If $\hat{\theta}$ is the MLE of $\theta$ , then $g(\hat{\theta})$ is the MLE of $g(\theta)$ for any function $g$ . This means we can freely reparameterize: if $\hat{\lambda}$ is the MLE of an exponential rate, then $1/\hat{\lambda}$ is the MLE of the mean.

Multivariate MLE

For a parameter vector $\boldsymbol{\theta} \in \mathbb{R}^p$ , the score equation becomes a system:

\nabla_{\boldsymbol{\theta}} \ell(\boldsymbol{\theta}) = \mathbf{0}

The Fisher information becomes a $p \times p$ matrix:

\mathbf{I}(\boldsymbol{\theta}) = -\mathbb{E}\left[\nabla^2_{\boldsymbol{\theta}} \ell(\boldsymbol{\theta})\right]

The Cramer-Rao bound becomes: $\text{Cov}(\hat{\boldsymbol{\theta}}) \succeq \mathbf{I}(\boldsymbol{\theta})^{-1}$ (matrix inequality).

When no closed-form solution exists, the MLE is found via iterative optimization: gradient descent, Newton-Raphson, or Fisher scoring. Logistic regression is a canonical example: the MLE of the weight vector requires iterative optimization because the sigmoid nonlinearity prevents a closed-form solution.

Limitations

Overfitting. MLE maximizes the probability of the training data, which can overfit with limited data. Regularization (L1/L2 penalties) corresponds to MAP (Maximum A Posteriori) estimation with Laplace/Gaussian priors.

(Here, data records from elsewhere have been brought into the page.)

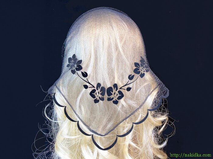 | Черная однотонная нейлоновая косынка с наклеенным черным флоковым узором и волнистым ободком |
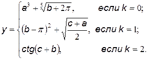 29. В зависимости от значения остатка от деления числа k (ввести с клавиатуры) на 3 вычислить: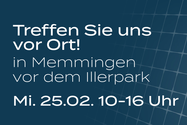 Erfahren Sie auf unserer Roadshow alles über Solarparks, Photovoltaik und nachhaltige Energielösungen für die Zukunft — wir freuen uns auf den persönlichen Austausch mit Ihnen!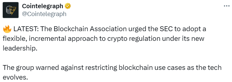 - 区块链协会敦促美国 SEC 采取灵活的加密监管方式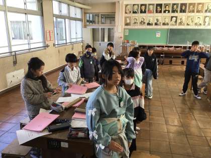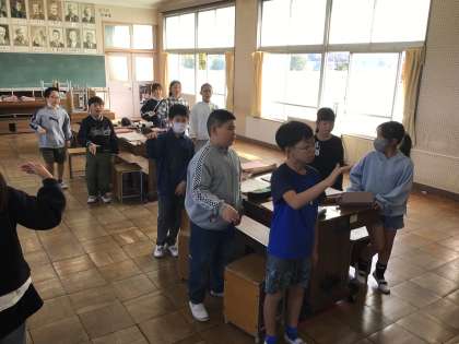 11/17 4年音楽1 公開日 2025/11/17 更新日 2025/11/17 各学年から 4年音楽では、「旋律の特徴を生かしてうたおう!」というめあてで学習を進めていました。「とどけよう このゆめを」と「ゆかいに歩けば」を明るい声でリズムにのって歌いました。リコーダーは、「オーラ リー」をグループで練習をしました。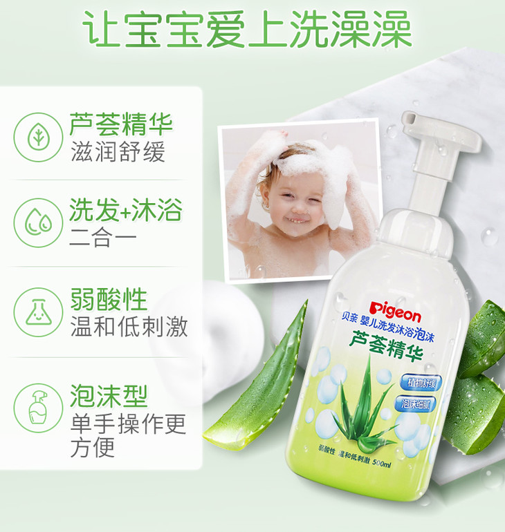 贝亲婴儿洗发沐浴泡沫芦荟精华500mlIA230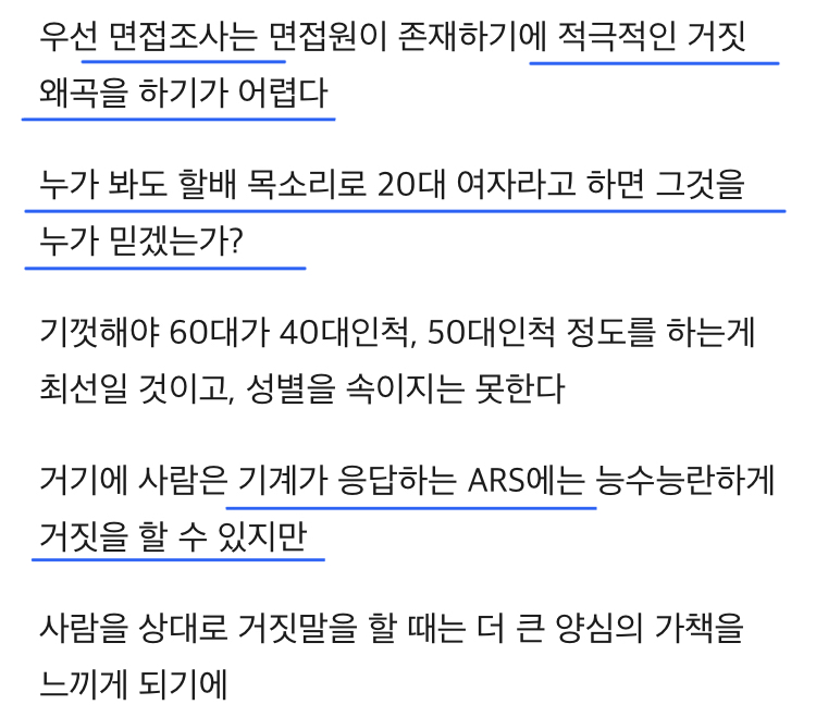 이런 어마어마한 분량의 기계음을 일일이 다 듣고 여론조사에 임하는 계층은 노인밖에 없고 최근에는 틀튜브에서 60대 이상은 할당량 다 차서 전화끊길 확률 높으니 응답률 낮은 20대로 속여 응답해라고 한다. 안그래도 2030은 ARS 응답률 낮는데 60대 이상이 20대로 속여 응답하니(면접조사는 목소리에서 티가 나기때문에 60대가 20대인척 하는게 불가능하다.) 2030의 여론이 반영될 리가 없다.

Model misspecification. If the true distribution is not in the parametric family, MLE converges to the parameter value that minimizes KL divergence from the true distribution to the model. This is the best approximation within the model class, but may be misleading.

Finite-sample bias. The MLE can be biased in finite samples. For example, the MLE of $\sigma^2$ in a Gaussian is $\frac{1}{n}\sum(x_i - \bar{x})^2$ , which underestimates the true variance (Bessel’s correction gives the unbiased $\frac{1}{n-1}$ version). The bias vanishes asymptotically.

Summary

Property	Statement
Definition	$\hat{\theta} = \arg\max \sum \log f(x_i; \theta)$
Consistency	Converges to true parameter
Asymptotic normality	$\sqrt{n}(\hat{\theta} - \theta_0) \to \mathcal{N}(0, I^{-1})$
Efficiency	Achieves Cramer-Rao bound
Invariance	$g(\hat{\theta})$ is MLE of $g(\theta)$
Connection to ML	Most loss functions are negative log-likelihoods

MLE is the bridge between statistical theory and machine learning practice. Understanding that MSE is Gaussian MLE and cross-entropy is Bernoulli MLE clarifies why these loss functions work and when to choose alternatives.